# THE INPUT:

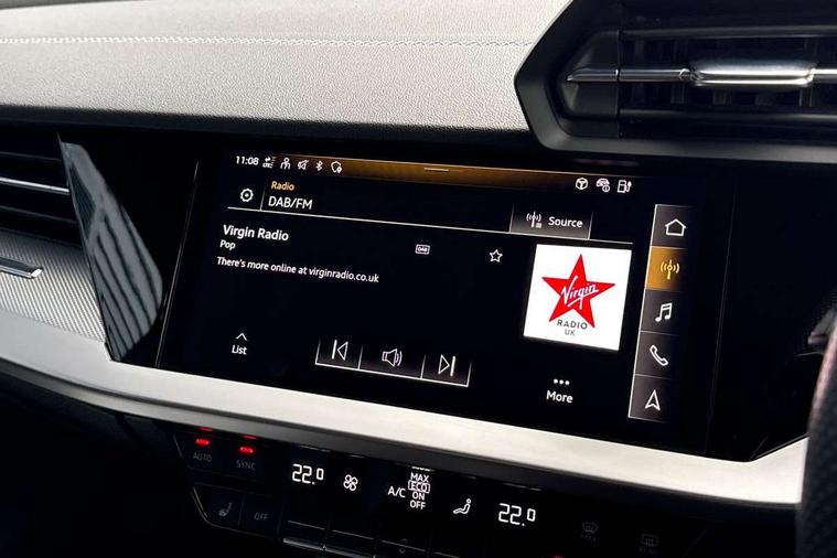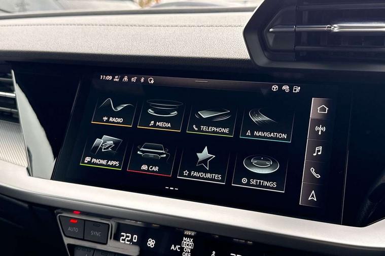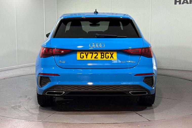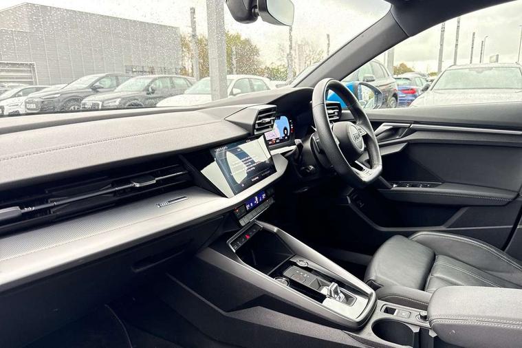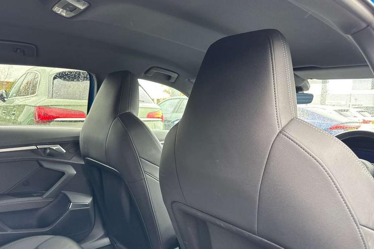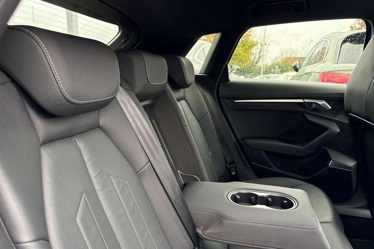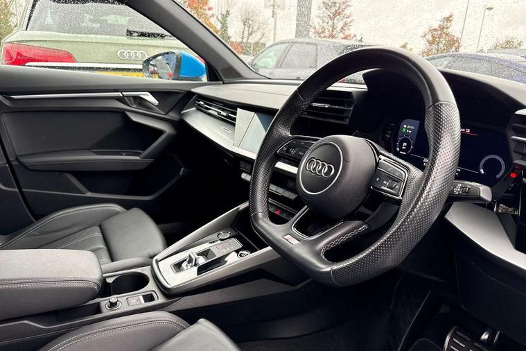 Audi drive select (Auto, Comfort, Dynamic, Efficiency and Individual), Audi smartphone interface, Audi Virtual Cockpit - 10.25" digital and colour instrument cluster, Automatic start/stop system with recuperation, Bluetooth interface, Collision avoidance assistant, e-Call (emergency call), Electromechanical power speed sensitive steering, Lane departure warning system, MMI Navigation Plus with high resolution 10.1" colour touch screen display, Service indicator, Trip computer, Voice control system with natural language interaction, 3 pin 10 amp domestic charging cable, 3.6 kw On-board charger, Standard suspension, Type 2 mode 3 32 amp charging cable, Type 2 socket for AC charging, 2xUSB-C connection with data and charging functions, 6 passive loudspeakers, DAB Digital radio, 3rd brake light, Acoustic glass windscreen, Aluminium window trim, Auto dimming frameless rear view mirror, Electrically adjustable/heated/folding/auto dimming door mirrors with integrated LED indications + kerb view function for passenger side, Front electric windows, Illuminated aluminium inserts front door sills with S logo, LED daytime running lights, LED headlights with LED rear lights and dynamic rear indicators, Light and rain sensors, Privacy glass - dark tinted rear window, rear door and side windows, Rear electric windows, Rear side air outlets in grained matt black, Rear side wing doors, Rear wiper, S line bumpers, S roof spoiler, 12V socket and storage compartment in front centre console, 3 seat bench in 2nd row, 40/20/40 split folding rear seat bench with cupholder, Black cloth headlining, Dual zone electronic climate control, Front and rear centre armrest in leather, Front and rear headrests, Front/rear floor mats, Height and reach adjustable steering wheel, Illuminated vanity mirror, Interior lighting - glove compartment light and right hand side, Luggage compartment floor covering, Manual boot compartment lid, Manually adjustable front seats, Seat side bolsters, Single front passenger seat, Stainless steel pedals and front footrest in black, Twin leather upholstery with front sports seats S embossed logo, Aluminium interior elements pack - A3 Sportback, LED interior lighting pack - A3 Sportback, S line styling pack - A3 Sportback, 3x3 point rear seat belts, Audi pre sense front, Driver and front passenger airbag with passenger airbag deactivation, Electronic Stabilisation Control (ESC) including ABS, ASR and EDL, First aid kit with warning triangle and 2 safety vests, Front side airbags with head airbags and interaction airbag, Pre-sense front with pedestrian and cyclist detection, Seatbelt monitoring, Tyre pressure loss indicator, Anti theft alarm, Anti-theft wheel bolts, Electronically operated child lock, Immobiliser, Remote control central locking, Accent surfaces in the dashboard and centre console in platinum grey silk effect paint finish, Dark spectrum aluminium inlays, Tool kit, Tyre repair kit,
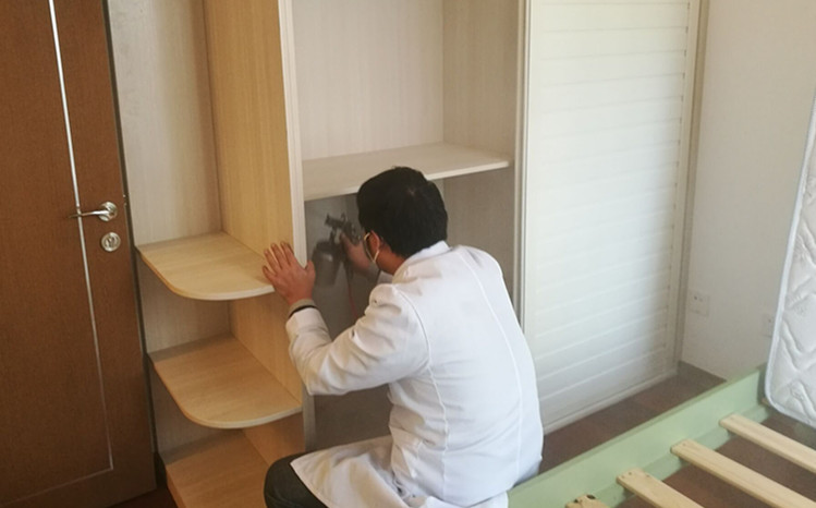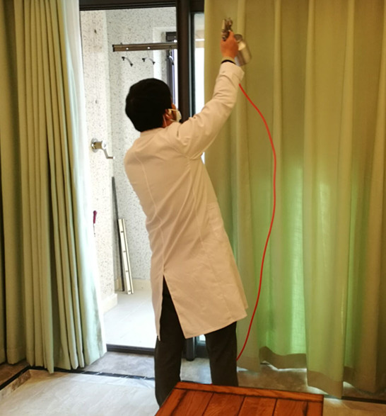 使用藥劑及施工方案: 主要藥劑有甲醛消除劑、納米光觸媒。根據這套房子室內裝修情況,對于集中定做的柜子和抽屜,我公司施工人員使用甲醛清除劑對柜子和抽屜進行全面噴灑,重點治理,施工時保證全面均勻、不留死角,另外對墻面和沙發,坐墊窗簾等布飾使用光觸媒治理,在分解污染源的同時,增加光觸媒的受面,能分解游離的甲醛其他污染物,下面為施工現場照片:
--
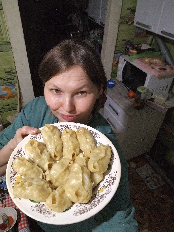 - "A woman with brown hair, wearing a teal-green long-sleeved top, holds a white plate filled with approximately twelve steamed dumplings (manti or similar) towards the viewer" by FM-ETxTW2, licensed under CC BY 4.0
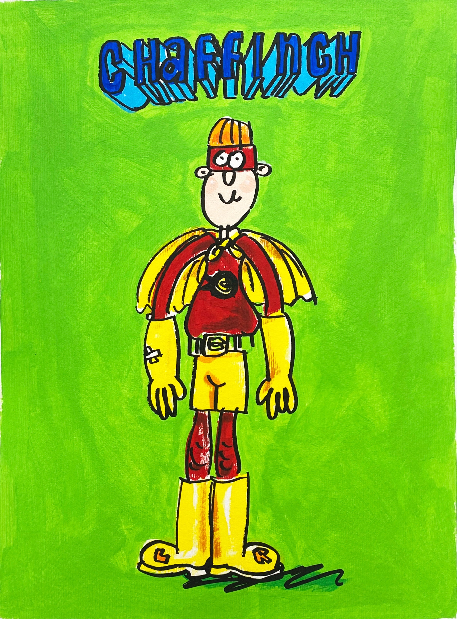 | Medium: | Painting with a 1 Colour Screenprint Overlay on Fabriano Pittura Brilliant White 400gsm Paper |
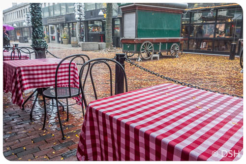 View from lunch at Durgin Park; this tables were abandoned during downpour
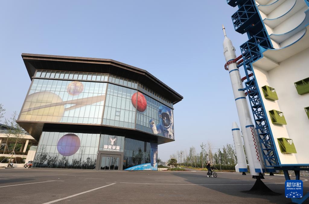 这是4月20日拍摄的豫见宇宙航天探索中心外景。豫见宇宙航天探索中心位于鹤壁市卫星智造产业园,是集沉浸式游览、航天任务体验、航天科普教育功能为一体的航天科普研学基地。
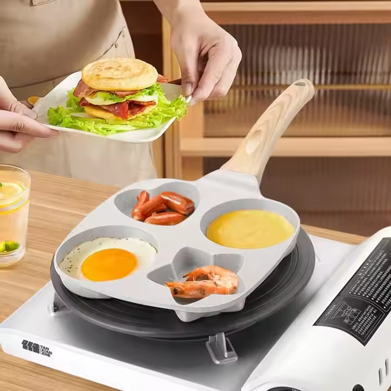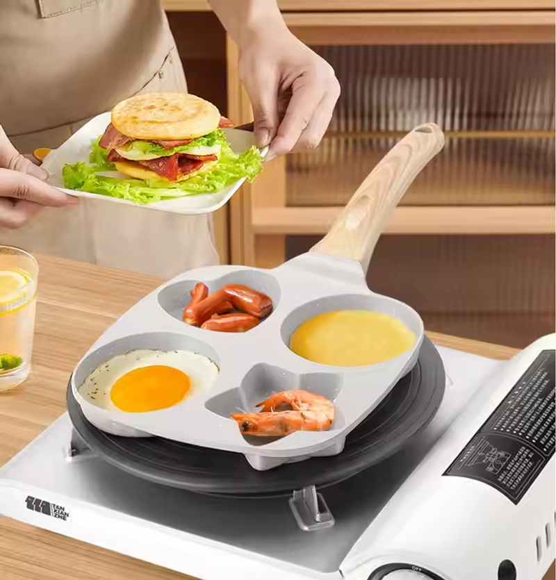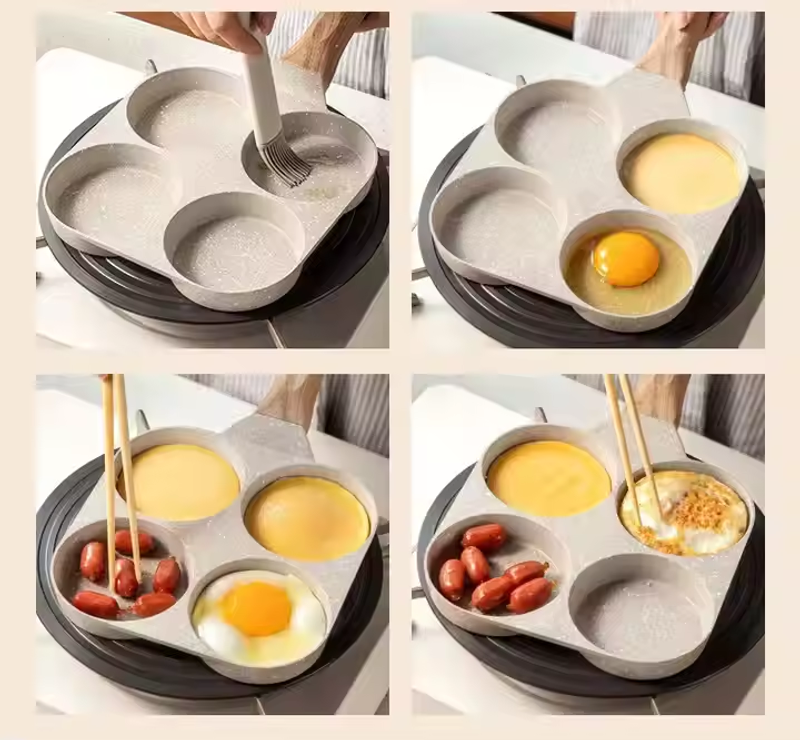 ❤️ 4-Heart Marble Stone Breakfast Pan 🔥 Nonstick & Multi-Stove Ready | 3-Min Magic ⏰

# BRIEF:
The stretch above running from the line with "这是4月20日拍摄的豫见宇宙" through the line with "3-Min Magic ⏰" is all you should copy, exactly, leaving out the pictures.

# COMPLETED EXERCISE:
 这是4月20日拍摄的豫见宇宙航天探索中心外景。豫见宇宙航天探索中心位于鹤壁市卫星智造产业园,是集沉浸式游览、航天任务体验、航天科普教育功能为一体的航天科普研学基地。
 ❤️ 4-Heart Marble Stone Breakfast Pan 🔥 Nonstick & Multi-Stove Ready | 3-Min Magic ⏰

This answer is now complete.